Styleguide - ral-facilities/scigateway GitHub Wiki

The styleguide for the DAaaS frontend is written using Storybook This is helpful to showcase components independently from the application itself and for testing. You generally want to add a story for each state that your component can be in, see src/stories/mainAppBar.stories.tsx which gives examples of the MainAppBar component when the user is logged in and also not logged in.

To run the storybook locally use:

yarn storybook

To build the artifacts that can be hosted statically use:

yarn build-storybook

The output goes into the storybook-static folder and the static contents of this can be served with any particular web server (e.g. the npm serve package with yarn global add serve then serve ./storybook-static from the root of the repo).
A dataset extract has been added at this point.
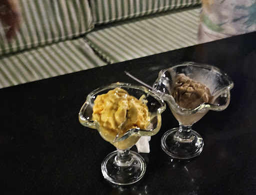 No sé si ha habido algún cambio de dueño (los camareros eran todos diferentes de mi última visita hará unos meses) o que ha pasado, pero al menos los helados que allí tomábamos no tenían nada que ver con los de ahora, que sin ser malos, era notable la diferencia (trozos de hielo dentro del helado, sin cremosidad y faltos de sabor). Pedimos cuatro bolas de helado, que sirvieron en dos copas (éramos dos personas), ya el tamaño nos extrañó (por pequeñas), las sorpresas aún no acabaron, el remate llegó cuando pedimos la cuenta y nos cobran 13.80€ por cuatro tristes bolas de helado 🤔. Ni por tamaño ni por calidad se merecen cobrar 3.45€ por una simple bola de helado... En cualquier heladería de esa zona el precio es aproximadamente el 50% menos.

Stories can be added in the stories folder where you can find some examples. This page will be expanded as more instructions about writing story files for components are needed, but examples are the best way of understanding how to add content to storybook.

Dealing with Redux

There are two ways to "deal" with Redux connected components in Storybook. The first is to export a non-connected version of your component and use that instead of the regular Redux connected one and supply any Redux state and actions manually - see src/stories/navigationDrawer.stories.tsx for this approach. The other is to add the Redux decorator to the story which wraps the component in a Provider component - see src/stories/mainAppBar.stories.tsx for this approach.